How managing the temperature of water improves your coffee (And leaves you wanting for more!)

I must admit, as much as I love the NZ summer, I do love the transitioning into Autumn even more…
It is my favorite season. My appetite comes back, and the temperature is just perfect, not too hot or cold, not humid, and not too dry. In such a comforting climate, I tend to enjoy my coffee even more.

Talking about temperatures
 I want to share with you another tip on water today for when brewing coffee.

Different hot beverages have recommended brewing temperatures to bring the best out of them. The Japanese Sencha is best brewed with 80degrees, yet a Gyokuro tea is 70 degrees. 
Traditionally, we manage these temperatures by transferring the hot water into the teacups and back into the Kyusu (teapot), which creates the desired temperatures for the tea’s actual brewing. When I was little I always watched my grandmother, aunties all doing this so swiftly, sitting down by the kotatsu and with little Japanese sweets to accompany the tea (the sweets were my priority, of course)  I do miss these qualities times I shared with them, especially my grandmother…

So how about coffee??
Well, you’d be happy to know that it’s much more simple with coffee (I love simple)
Well, that’s if you have good beans, of course.

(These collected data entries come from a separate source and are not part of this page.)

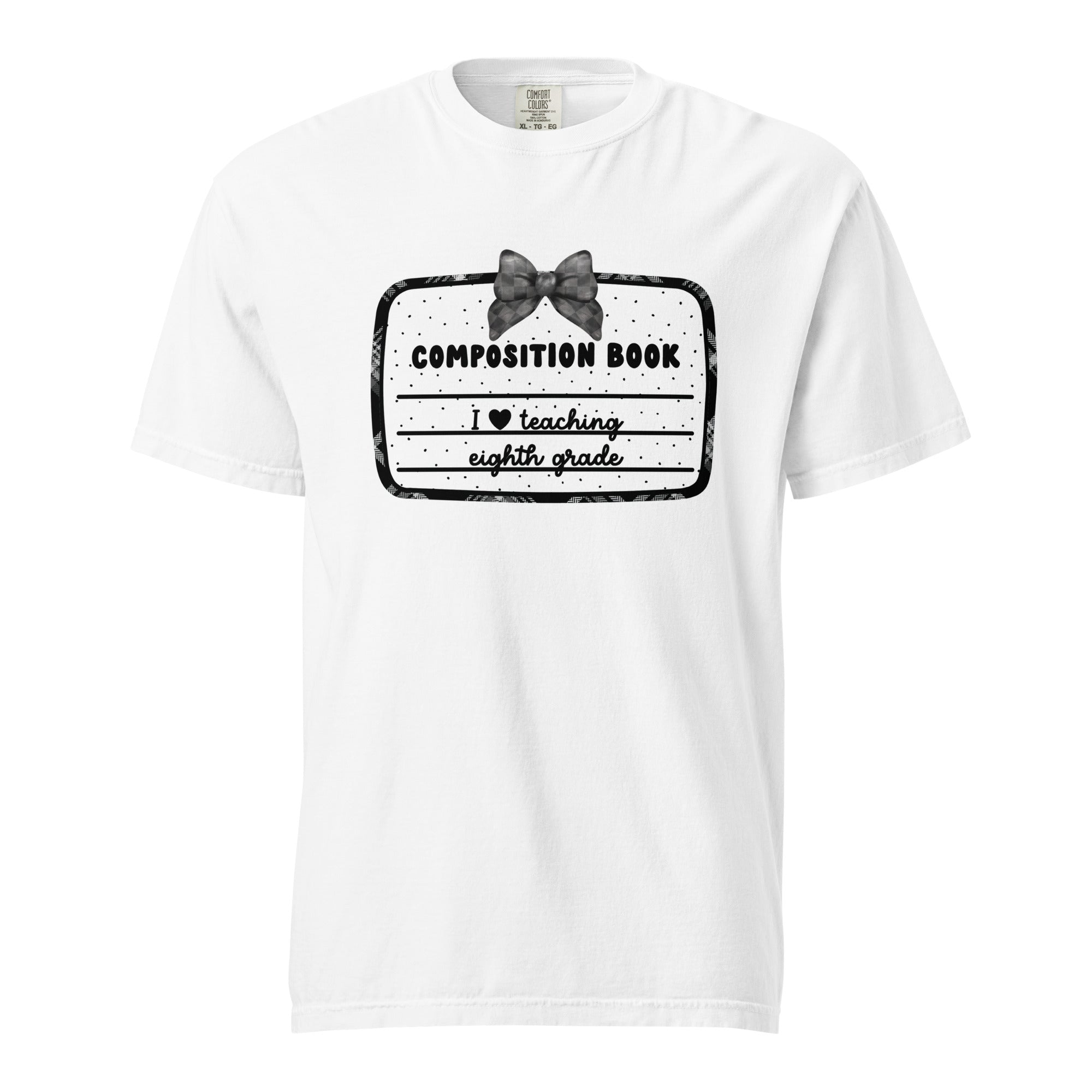 This design is a sweet throwback to composition books with a black-and-white palette and a darling bow on top. With the phrase I ❤️ teaching eighth grade, it’s a letter to your students—and a love letter for what you do.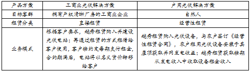 公司光伏業(yè)務(wù)主要分為工商業(yè)光伏解決方案和戶用光伏解決方案兩種產(chǎn)品方案,具體要素如下: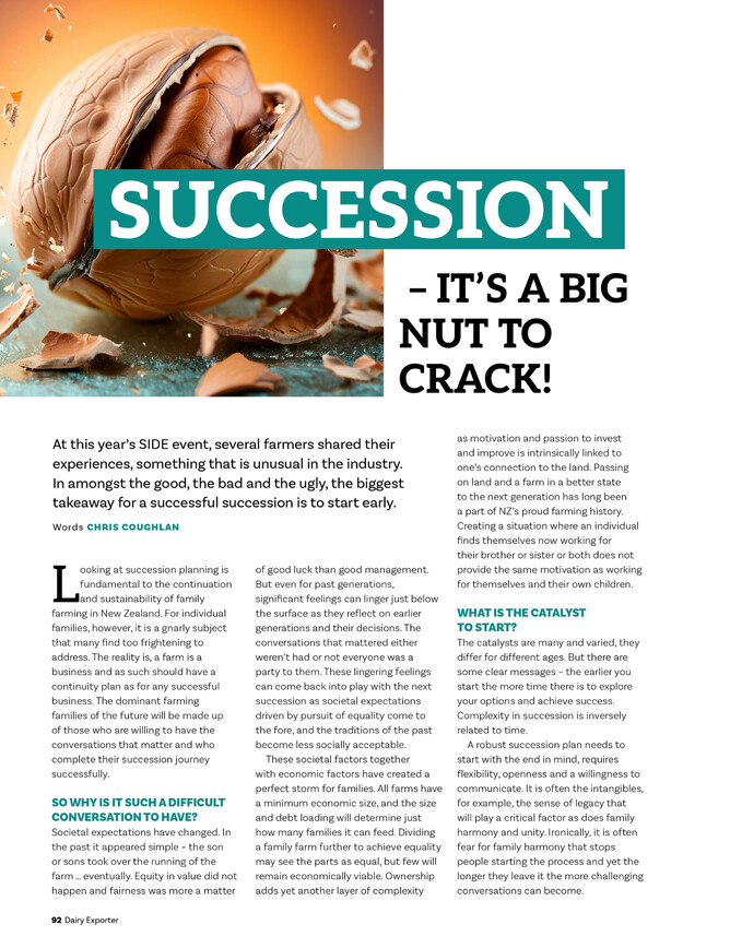 In the latest edition of the NZ Dairy Exporter, Partner Chris Coughlan writes about this year's SIDE event and the biggest takeaway for successful succession planning is to start early.

Good quality beans need water near-boiling. It helps to extract the great flavors out of them. So no tricky handling of adjusting the temperature. Just boil some good fresh filtered water in the kettle and use it straight after it’s boiled. 

Happy Brewing, everyone! 
 
P.S I’ll give you a little tip if you have some coffee sitting in your cupboard for some time. DON’T use near-boiling water; instead, use something lower like 80 degrees. It prevents it from extracting the old/stale and not-so-fresh flavors. It disguises the taste a little bit.